This all began with guitars. I play the guitar, but beyond knowing how to change a string and tune one, I had never given much thought to how it worked, how it was put together. Then one day, I gave it some thought, and began watching videos posted by luthiers on YouTube, which led me inexorably from guitar making to guitar repair, which, in turn, led the algorithm to show me videos of all sorts of other things being repaired. Such is free association in the age of late capitalism.
But once I saw Awesome Restoration’s rehabilitation of a furry little bear riding a wind-up scooter — which included building a little wooden chair for the bear to sit on while the scooter was being taken apart, repaired, repainted and reassembled — there was no going back.
I was late to this party. “Restoration video” turns out to be a well-established genre with, I would guess, hundreds of dedicated channels, each with thousands, even hundreds of thousands of subscribers. You may be familiar with “The Repair Shop” (BritBox, but with many episodes available on YouTube), a U.K. series in production since 2017 in which guests bring wounded family heirlooms and sentimental keepsakes to a hut in the woods to be rejuvenated by expert craftspersons. Judi Dench brought a pocket watch, King Charles a vase. These channels, which come from all over the world, are like that, but without the sentimental backstories.
It isn’t why I got interested in restorations, but as a bonus, they provide a marvelous distraction in this season of uncertainty. That they have calming properties is not lost on the producers; many clips come with ASMR in the title, referring to that brand of audiovisual content meant to relax the listener/viewer. And in a time when you can apparently fool some of the people all of the time, these videos offer solid documentary evidence of expertise, of competence and of fine motor skills.
They follow a three-act narrative, bending toward a happy ending. Something begins in disrepair, disarray, poor shape. A hero arrives, armed with knowledge and skill, to get to the root of the problem. Finally, the item is restored to health, to its former self or, perhaps, something better. There is drama, there may be comedy. It’s even a kind of love story, if you care to personalize a toy car or a guitar or a pocket watch. If it’s more or less the same plot over and over, the details are always different — the devil is in the details, it’s said, but so (said Mies van der Rohe) is God.

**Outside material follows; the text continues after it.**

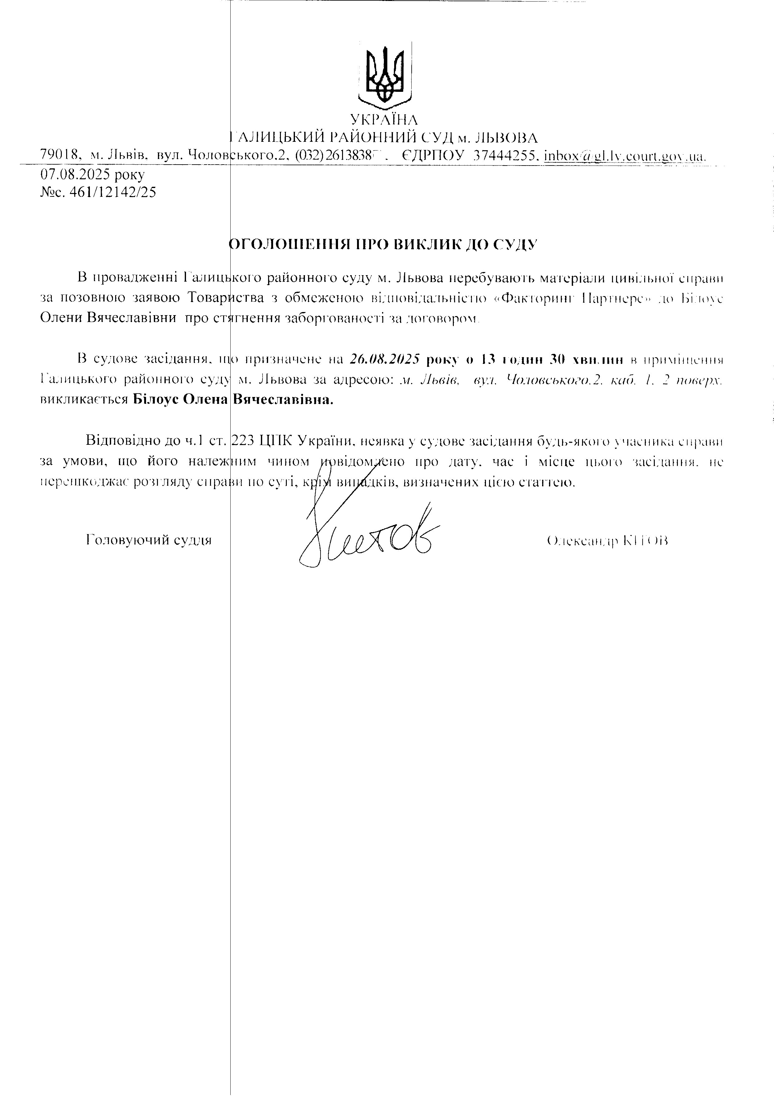 оголошення про виклик Білоус О.В.

Items for repair include old toys and games, mechanical coin banks, hand-cranked coffee grinders — most restorers seem to have done one of those — locks, furniture, pinball machines, gumball machines, espresso makers, typewriters, pencil sharpeners, cash registers, leather goods, artworks, knives, guns, shoes and all sorts of gizmos and gadgets from the predigital age. Some of the restorers are professionals, but many more appear to be hobbyists, in it for the challenge, the fun and the satisfaction. They have come out of their basements and sheds and garages to achieve a kind of stardom. Many have Patreons; some sell merch.

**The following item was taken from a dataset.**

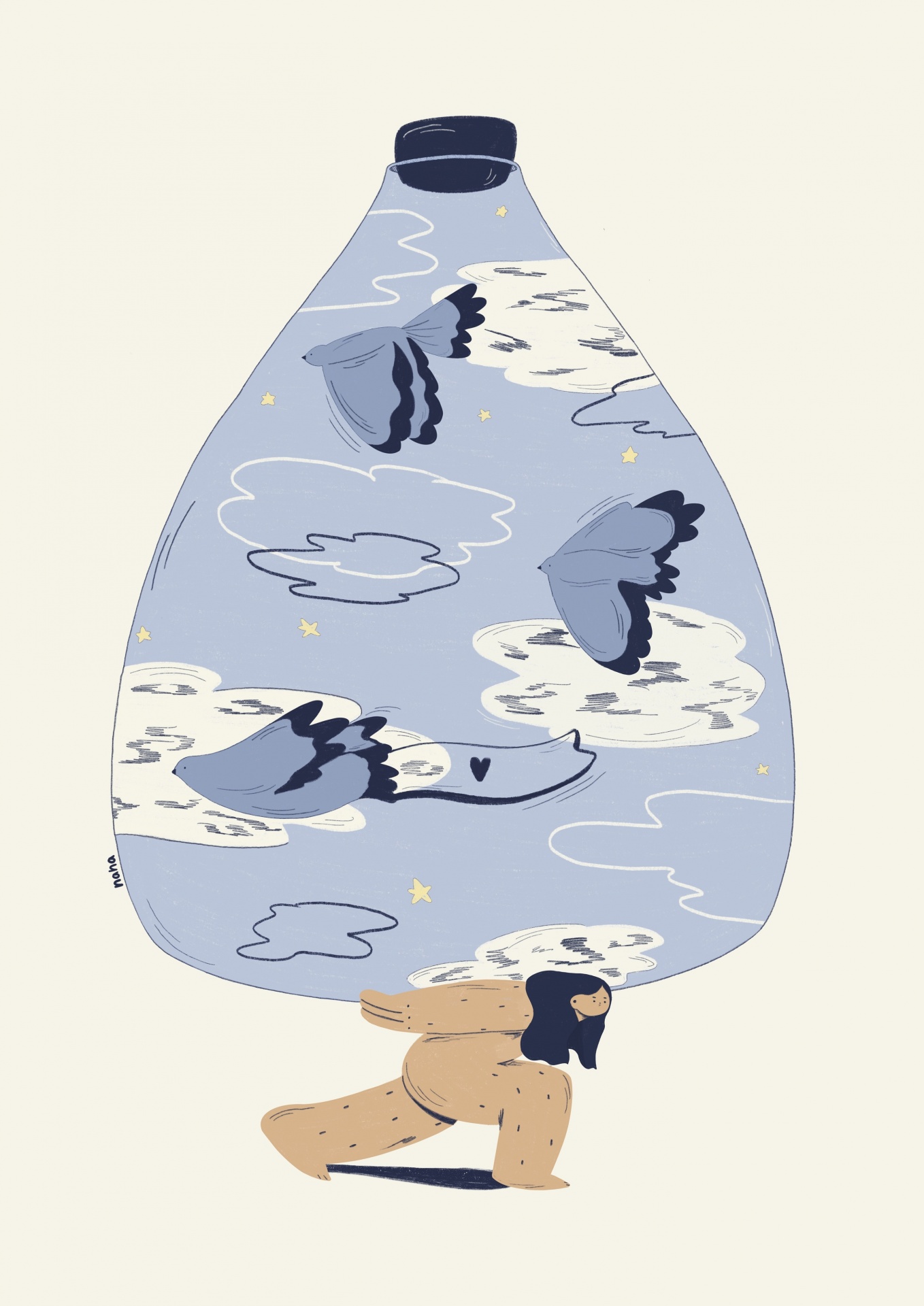 Ilustração de uma garrafa transparente com aves e estrelas, homem baixo em casaco bege em fundo claro

But unlike the more common self-celebrating social media celebrity, most are relatively anonymous — their identity is their work. We see their hands, like those of a magician doing close-up magic, but rarely more. Sometimes, as in the entrancing microscopic world of watch repair, it’s just fingertips.

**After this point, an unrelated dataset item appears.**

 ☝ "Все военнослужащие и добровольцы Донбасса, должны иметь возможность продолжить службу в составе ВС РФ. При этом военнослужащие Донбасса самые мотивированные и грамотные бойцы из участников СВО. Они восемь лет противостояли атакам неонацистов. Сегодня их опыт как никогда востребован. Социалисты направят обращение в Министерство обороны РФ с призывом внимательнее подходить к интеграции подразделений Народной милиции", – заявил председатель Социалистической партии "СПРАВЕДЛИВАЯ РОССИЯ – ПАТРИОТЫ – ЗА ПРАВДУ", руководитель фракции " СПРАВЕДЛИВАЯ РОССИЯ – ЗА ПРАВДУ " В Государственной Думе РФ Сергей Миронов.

Their channels have names like Restomaniac, Restorology, Restoration Station, Rusty Shades Restoration, Rescue and Restore, Old Things Never Die, Cool Again Restoration and Not Terrible Restorations (by “Dr. Beer,” who rates a different beer in every episode). Some clips involve narration. (Here is Nekkid Watchmaker, who sounds a little like Werner Herzog, describing a part he is attempting to clean: “The stains were like the teeth of a tobacco-chewing villain in a western.”) But most are satisfied with the sounds of scraping, sawing, sanding, drilling and hammering. Some provide captions, while others let the pictures speak for themselves.
Even if you were not that child who took his toys apart to see how they were made — and there is much ingenuity just in the construction of a plastic “Star Wars” X-wing fighter — there is a vicarious delight in watching it done, especially if you weren’t the sort who could ever put things back together. (I do mean me.) I wouldn’t have expected to become so interested in screws being unscrewed, tabs unbent, machines reduced to component parts, cleaned and painted, with missing parts newly fabricated. And yet it’s not that surprising: We are, after all, the animal that loves a before-and-after photo — though in restoration videos, there is also a good before that comes before the bad before; the point is to get back to that original state and, by doing so, move ahead.
It’s true that the genre’s success means that there are fake restoration videos, whose makers dirty up an object in order to clean it, and thereby snag a chunk of whatever money there is to be made from the YouTube economy. Indeed, there are enough of these that they’ve inspired a subgenre of videos dedicated to calling them out. Still, a little common sense will separate the genuine articles from the disingenuous. (Any video that begins with someone finding a dirty old camera or Game Boy console in a pile of garbage is not to be trusted.)